While you rely on AI and ML to enhance customer interaction, don't give up on the customer service agents.  

Train them on these new tools, introduce them to the new workflows and help them adapt to conversational customer service. This is especially important for tenured employees. Bridging the skills gap is crucial to improve their skills and performance. 

Monitor their progress and provide them with feedback and resources to improve their efficiency. 

Also Read: Using AI Scoring in Contact Centers to Tailor Agent Training Programs

Keep the interaction humanized 

Remember that the purpose of conversational customer service is to augment the role of human agents and not replace them.  

Keep the interaction human. Even customers don't prefer talking to chatbots.  

Encourage the customer service agents to keep the interaction conversational and free. Nudge them to use workflows to automate interactions but avoid using scripts while interacting with customers. This will help them understand the customer's problems better and solve them more efficiently. 

How to implement conversational customer service

We now know how conversational customer service can reduce churn, improve agents' efficiency, and save costs. Let's learn how to implement it in your company to boost customer engagement and retention. 

🤝Step 1: Align all key stakeholders 

Conversational customer service is a new concept. Hence, you must align all key stakeholders and reach a consensus before implementing it. Speak to the operations and product teams, subject matter experts and customer service agents to identify customer query scenarios. Discuss the best ways to manage such scenarios and train the agents and chatbots. This will help your agents to deliver superior customer experience. 

🔧Step 2: Choose the right tech stack 

You cannot have conversations with customers without the help of the right tools and platforms. Choose the ones that are: 

  • Easy-to-use 

  • Armed with emotional intelligence to detect customer sentiments and respond with empathy 

  • Allow consistent cross-channel collaborations 

  • Improve response speed 

 🔖Step 3: Structure and label your data 

If you use AI and ML in conversational customer service, you must structure the unstructured and semi-structured data. This will allow you to categorize the data, label it and train the AI model. By structuring and labeling the data, you are helping the machines understand it. This will help the AI model to respond to customer queries efficiently. Once the model is ready, integrate it with the workflow and get started. 

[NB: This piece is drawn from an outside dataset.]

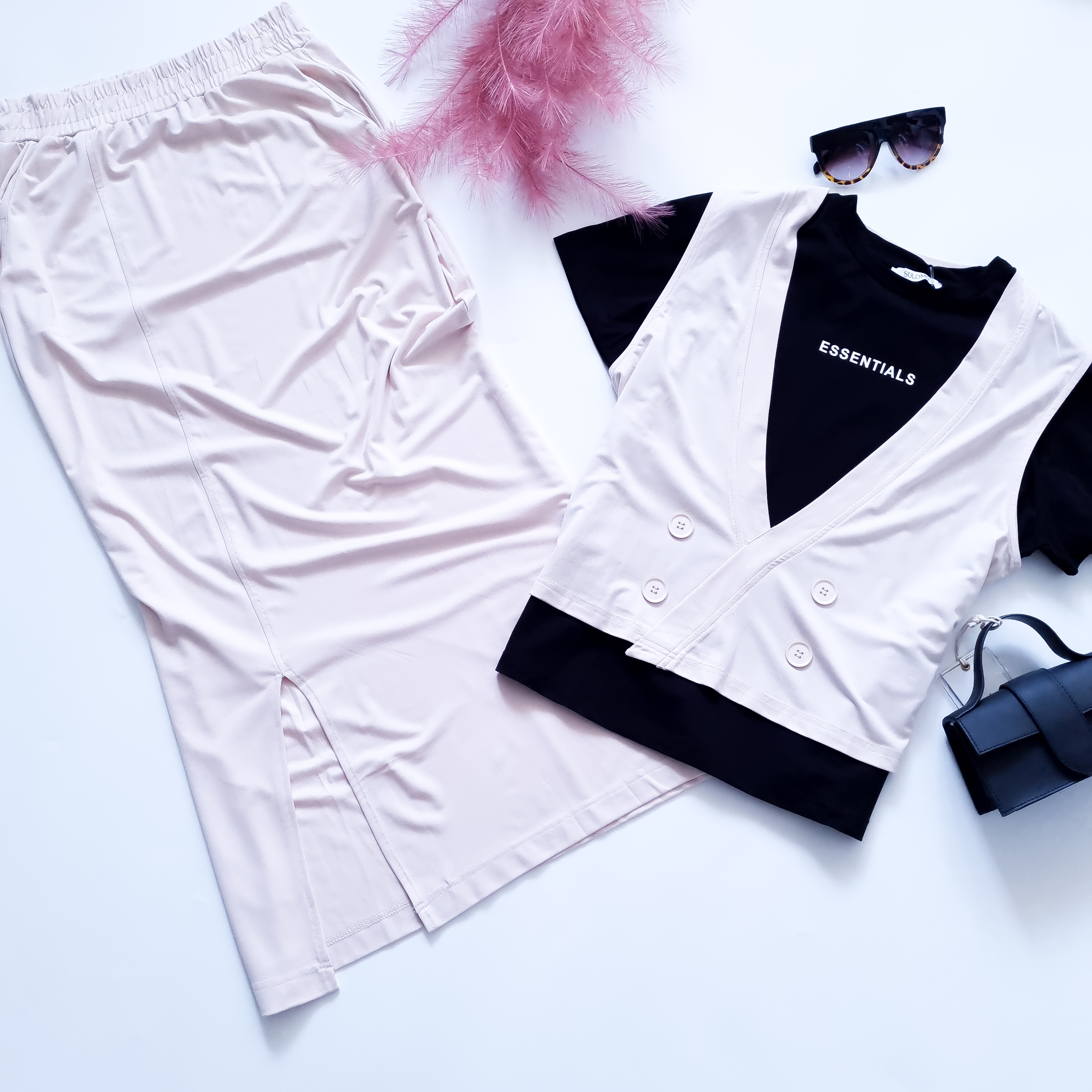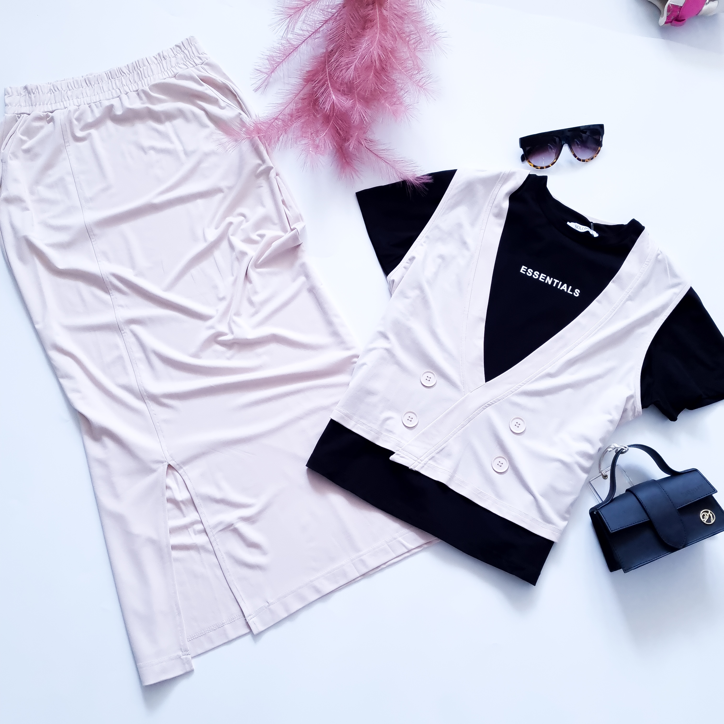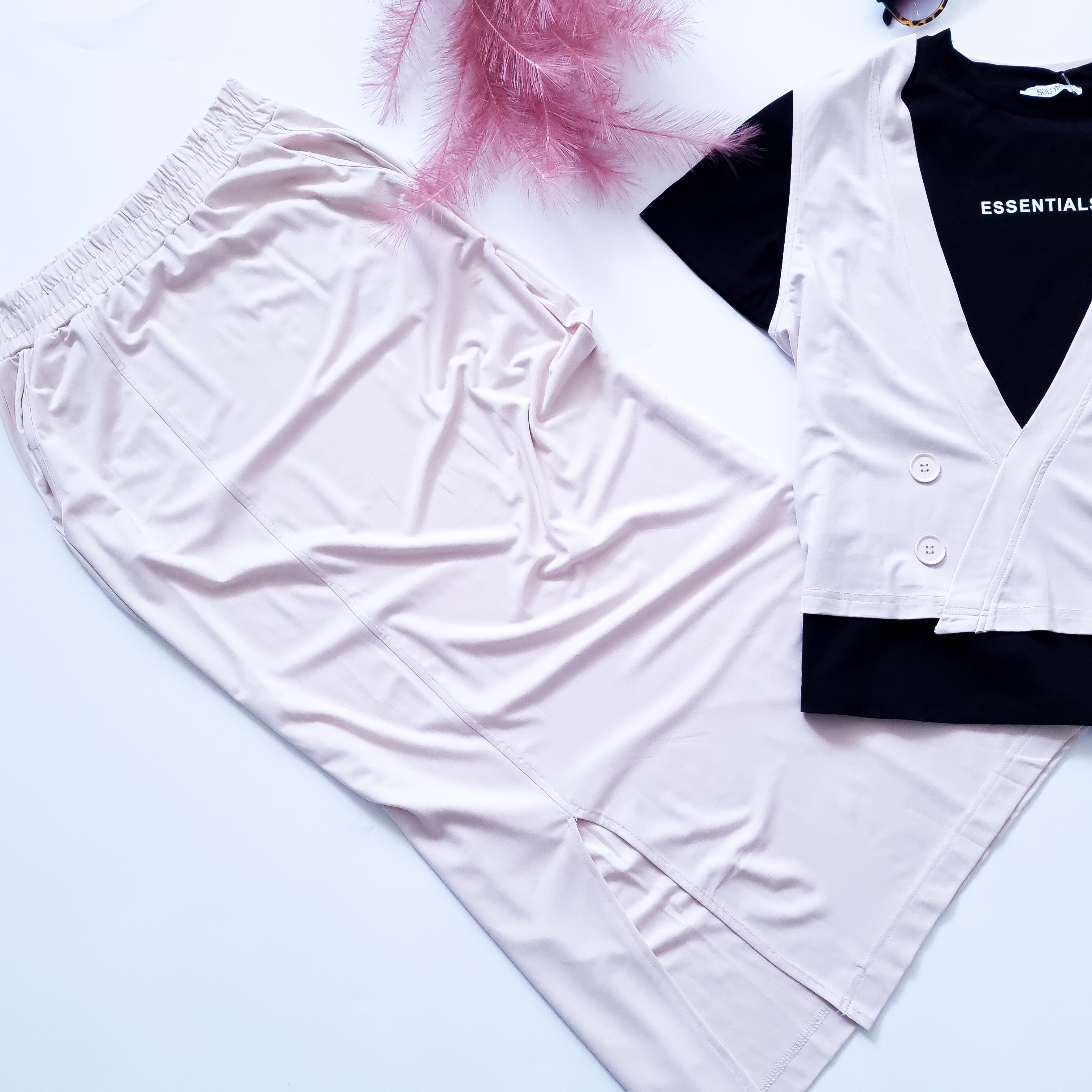 SOLOMIA - DWUKOLOROWY KOMPLET W KREMOWYM ODCIENIU Z KOSZULKĄ W ZESTAWIE

Also Read: Customer Service Analytics – A Comprehensive Guide

📍Step 4: Map your customer journeys 

According to McKinsey's research, more than half of surveyed customers use three to five channels to purchase or raise queries during each journey. For example, a customer will switch nearly six times between a mobile app and a website before booking an accommodation.  

A customer journey map will help you identify the possible touchpoints a customer could use to interact with the brand. This will help the agents understand the customer's journey and give them the context to serve the customers efficiently.  

📣Step 5: Personalize customer communications 

Customers get frustrated when the responses are not contextually relevant. It's important to understand the context and tailor the interactions accordingly.  Use tools that help you understand the customer's profile, view previous transactions and analyze the customer's sentiments. It will help you personalize the responses.  

🤖Step 6: Keep training your AI models 

Machines, like humans, need continuous training to improve efficiency. AI models can become redundant if they are not fine-tuned and maintained up to date. Hence, monitor the AI models regularly. This will help you identify biases, integration issues and security risks. You can also label new data and retrain models to improve accuracy and customer experiences.  

Final thoughts 

Brands are realizing the significance of conversational customer service in retaining customers, reducing agent costs and improving profits. If you are planning to transition from traditional to conversational customer service, remember to: 

  • Bring all stakeholders together to shortlist various customer service scenarios and train agents and AI models 

  • Choose the right tools like conversational AI and conversational IVR to automate customer service and make it more conversational 

  • Train agents to use these tools and adjust to new processes 

  • Structure and label data to train the machines 

  • Define and monitor KPIs regularly to improve customer satisfaction 

  • Train the AI models to ensure they are compliant and updated 

All these steps will help you get started on the journey of adopting conversational customer service.  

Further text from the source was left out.